Page 35 of Faithful

“What if I’m not?”

“How about you let me take a peek so I can decide for myself? I’m sick and tired of people deciding for me. Huh? How about that, Kai? How about you meet me halfway?”

I realize that I’ve just shouted the last sentence and I clamp my hand over my mouth, terrified that Leigh woke up because she heard me getting all emotional atfuck knows what timein the morning.

“You ever thought,” he rasps out, “that some secrets are better remaining secrets?”

“No.”

“I don’t want to lose you…”

My breath catches in my throat. Something swoops low in my stomach, like the flap of a butterfly's wings. “What makes you think you will?” I have to force myself to say it because I’m a little light-headed.

“I know I will… It’s just too fucking dark there…”

“Where?”

“Where I’m going.”

“You don’t have to.”

“I don’t think you understand.” His voice turns weak and wobbly and sounds distant. “I have no control over it. This world isn’t for me but that place… that place where I’m headed, that darkness… calls to me… And when it does, I’m no longer able to say no.”

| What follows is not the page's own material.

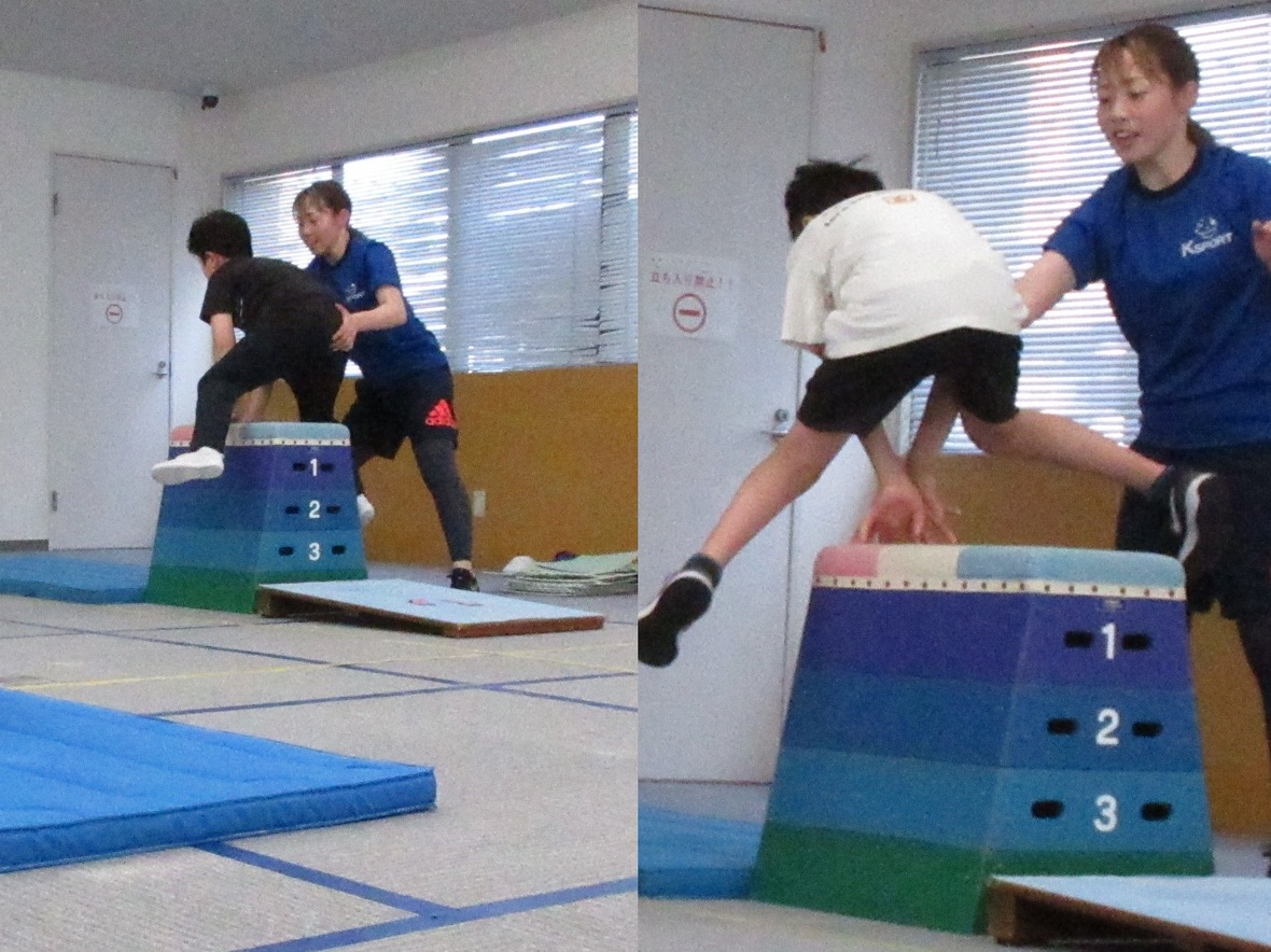 2024年06月14日(金) スタッフブログ 今日はとび箱を練習しました。 今日はとび箱の練習をしました。準備運動では、しっかりジャンプをしたり、マット運動で前回りをしたり・・・。次にとび箱を使わずにイメージづくり・・・!最後はしっかりとび箱を跳んでみました。 移動しながらジャンプ!ジャンプ! 前回りもしっかり 踏切板を使ってイメージづくり しっかり足を開いて・・・ 最後は開脚とびの練習をしました

I know I’m about to overstep his boundaries, but I ask anyway. “Is that place… where you got your scars?”

Silence.

More silence.

More, more, more fucking silence.

I start panicking. He either fell asleep or… Or what? Stopped breathing? Got lost? Dropped his phone? Decided he didn’t want to talk to me? All of the above? What the fuck do I do?

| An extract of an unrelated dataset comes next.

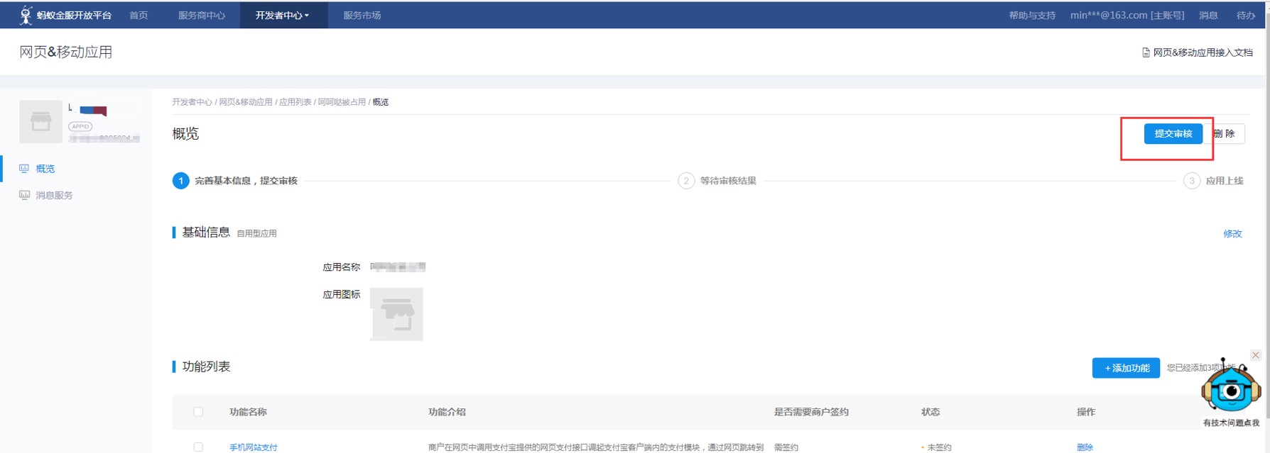 6、提交审核之后,就能获取到开发者应用ID、用户应用私钥和支付宝公钥,

Then comes a quiet “Yeah.”

I let out a sigh of relief. “Kai?”

“Mmm?”

“I’ll be there tomorrow. You wait for me?”

“Sure.”

“I’m fucking serious. Wait for me.”

“Where am I gonna go?” He laughs softly and although it’s not a happy laugh, it’s not an unhappy one either. It’s something I find acceptable and not alarming enough for me to barge into Leigh’s room and ask to borrow her credit card (since I already ran mine dry) so I could get on a flight to Nashville sooner.

“I don’t know. You’re talking nonsense again.”

“I always talk nonsense.”

“That you do…”

We pause.

“Hey…” I mutter, sensing that the best thing right now would be to just divert the conversation elsewhere, to distract him. “How come I don’t have any pictures of you?”

“Really? There aren’t enough photos of me online?”